Levine Oren Hannun, McGillion Michael, Levine Mark
Department of Oncology, McMaster University, Hamilton, ON, Canada.
Hamilton Health Sciences - Juravinski Cancer Centre, Hamilton, ON, Canada.
JMIR Cancer. 2020 Nov 24;6(2):e24222. doi: 10.2196/24222.
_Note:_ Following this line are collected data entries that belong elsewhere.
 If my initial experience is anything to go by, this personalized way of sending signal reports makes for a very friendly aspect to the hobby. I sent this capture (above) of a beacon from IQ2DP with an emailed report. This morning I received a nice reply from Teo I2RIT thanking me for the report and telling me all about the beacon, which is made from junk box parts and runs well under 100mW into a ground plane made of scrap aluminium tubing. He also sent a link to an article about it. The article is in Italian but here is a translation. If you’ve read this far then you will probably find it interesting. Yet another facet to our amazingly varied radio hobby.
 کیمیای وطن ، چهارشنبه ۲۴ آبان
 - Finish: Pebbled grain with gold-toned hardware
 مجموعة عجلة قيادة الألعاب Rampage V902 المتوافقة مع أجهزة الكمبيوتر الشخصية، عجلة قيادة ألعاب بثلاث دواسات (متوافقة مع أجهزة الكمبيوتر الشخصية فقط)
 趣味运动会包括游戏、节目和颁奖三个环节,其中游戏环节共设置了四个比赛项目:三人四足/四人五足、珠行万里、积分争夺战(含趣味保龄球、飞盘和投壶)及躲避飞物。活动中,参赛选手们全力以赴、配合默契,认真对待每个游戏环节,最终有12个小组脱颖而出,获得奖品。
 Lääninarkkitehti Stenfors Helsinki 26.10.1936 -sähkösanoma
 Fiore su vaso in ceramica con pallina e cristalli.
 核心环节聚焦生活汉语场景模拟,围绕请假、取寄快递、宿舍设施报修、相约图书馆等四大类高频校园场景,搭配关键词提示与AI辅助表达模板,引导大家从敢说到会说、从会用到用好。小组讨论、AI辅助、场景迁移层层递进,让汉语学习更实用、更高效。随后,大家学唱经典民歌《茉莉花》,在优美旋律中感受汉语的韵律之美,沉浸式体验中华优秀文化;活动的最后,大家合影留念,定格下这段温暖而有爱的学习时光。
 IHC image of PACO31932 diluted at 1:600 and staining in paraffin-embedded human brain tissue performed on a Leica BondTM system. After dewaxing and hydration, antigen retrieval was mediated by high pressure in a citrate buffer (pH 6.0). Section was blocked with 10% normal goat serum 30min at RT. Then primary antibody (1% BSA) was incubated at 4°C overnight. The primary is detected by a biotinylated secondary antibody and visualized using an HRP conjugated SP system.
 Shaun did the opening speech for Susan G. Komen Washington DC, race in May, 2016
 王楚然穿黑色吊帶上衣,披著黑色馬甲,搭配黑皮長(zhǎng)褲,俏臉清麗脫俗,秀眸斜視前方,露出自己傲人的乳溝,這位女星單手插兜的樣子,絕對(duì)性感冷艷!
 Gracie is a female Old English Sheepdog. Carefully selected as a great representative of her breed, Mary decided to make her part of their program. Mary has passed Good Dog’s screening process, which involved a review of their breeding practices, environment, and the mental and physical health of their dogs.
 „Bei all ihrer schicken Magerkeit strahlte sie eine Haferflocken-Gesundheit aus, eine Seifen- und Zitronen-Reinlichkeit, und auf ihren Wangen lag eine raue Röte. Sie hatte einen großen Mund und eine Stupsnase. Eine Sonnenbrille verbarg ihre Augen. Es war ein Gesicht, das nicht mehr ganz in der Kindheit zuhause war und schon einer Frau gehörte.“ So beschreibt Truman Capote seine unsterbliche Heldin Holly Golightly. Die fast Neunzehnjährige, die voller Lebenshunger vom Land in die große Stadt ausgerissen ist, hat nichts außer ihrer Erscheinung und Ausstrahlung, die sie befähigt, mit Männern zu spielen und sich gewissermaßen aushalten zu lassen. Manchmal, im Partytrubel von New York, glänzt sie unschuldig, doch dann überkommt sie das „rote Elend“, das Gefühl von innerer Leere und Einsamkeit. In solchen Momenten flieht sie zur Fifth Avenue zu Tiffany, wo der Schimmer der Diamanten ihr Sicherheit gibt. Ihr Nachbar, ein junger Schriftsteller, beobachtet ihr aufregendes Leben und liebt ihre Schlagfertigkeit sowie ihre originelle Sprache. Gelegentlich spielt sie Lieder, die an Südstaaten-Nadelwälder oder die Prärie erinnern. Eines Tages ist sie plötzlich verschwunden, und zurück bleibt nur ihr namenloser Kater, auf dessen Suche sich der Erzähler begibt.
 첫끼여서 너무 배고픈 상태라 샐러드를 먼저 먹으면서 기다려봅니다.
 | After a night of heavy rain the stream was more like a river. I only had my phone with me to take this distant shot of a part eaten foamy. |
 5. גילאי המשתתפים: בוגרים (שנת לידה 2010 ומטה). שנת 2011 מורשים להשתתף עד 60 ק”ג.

The interplay of virtual care and cancer care in the context of the COVID-19 pandemic is unique and unprecedented. Patients with cancer are at increased risk of SARS-CoV-2 infection and have worse outcomes than patients with COVID-19 who do not have cancer. Virtual care has been introduced quickly and extemporaneously in cancer treatment centers worldwide to maintain COVID-19-free zones. The outbreak of COVID-19 in a cancer center could have devastating consequences. The virtual care intervention that was first used in our cancer center, as well as many others, was a landline telephone in an office or clinic that connected a clinician with a patient. There is a lack of virtual care evaluation from the perspectives of patients and oncology health care providers. A number of factors for assessing oncology care delivered through a virtual care intervention have been described, including patient rapport, frailty, delicate conversations, team-based care, resident education, patient safety, technical effectiveness, privacy, operational effectiveness, and resource utilization. These factors are organized according to the National Quality Forum framework for the assessment of telehealth in oncology. This includes the following 4 domains of assessing outcomes: experience, access to care, effectiveness, and financial impact or cost. In terms of virtual care and oncology, the pandemic has opened the door to change. The lessons learned during the initial period of the pandemic have given rise to opportunities for the evolution of long-term virtual care. The opportunity to evaluate and improve virtual care should be seized upon.
在新冠疫情背景下,虚拟医疗与癌症护理之间的相互作用是独特且前所未有的。癌症患者感染新冠病毒的风险增加,且与未患癌症的新冠患者相比,预后更差。全球癌症治疗中心迅速且临时引入了虚拟医疗,以维持无新冠区域。癌症中心爆发新冠疫情可能会产生毁灭性后果。我们癌症中心以及许多其他中心最初使用的虚拟医疗干预措施是办公室或诊所里的一部固定电话,用于连接临床医生和患者。目前缺乏从患者和肿瘤医疗服务提供者角度对虚拟医疗的评估。已经描述了一些评估通过虚拟医疗干预提供的肿瘤护理的因素,包括患者融洽关系、虚弱状况、微妙对话、团队式护理、住院医生教育、患者安全、技术有效性、隐私、运营有效性和资源利用。这些因素是根据美国国家质量论坛评估肿瘤学远程医疗的框架进行组织的。这包括评估结果的以下4个领域:体验、获得护理的机会、有效性以及财务影响或成本。就虚拟医疗和肿瘤学而言,疫情为变革打开了大门。疫情初期吸取的经验教训为长期虚拟医疗的发展带来了机遇。应该抓住评估和改进虚拟医疗的机会。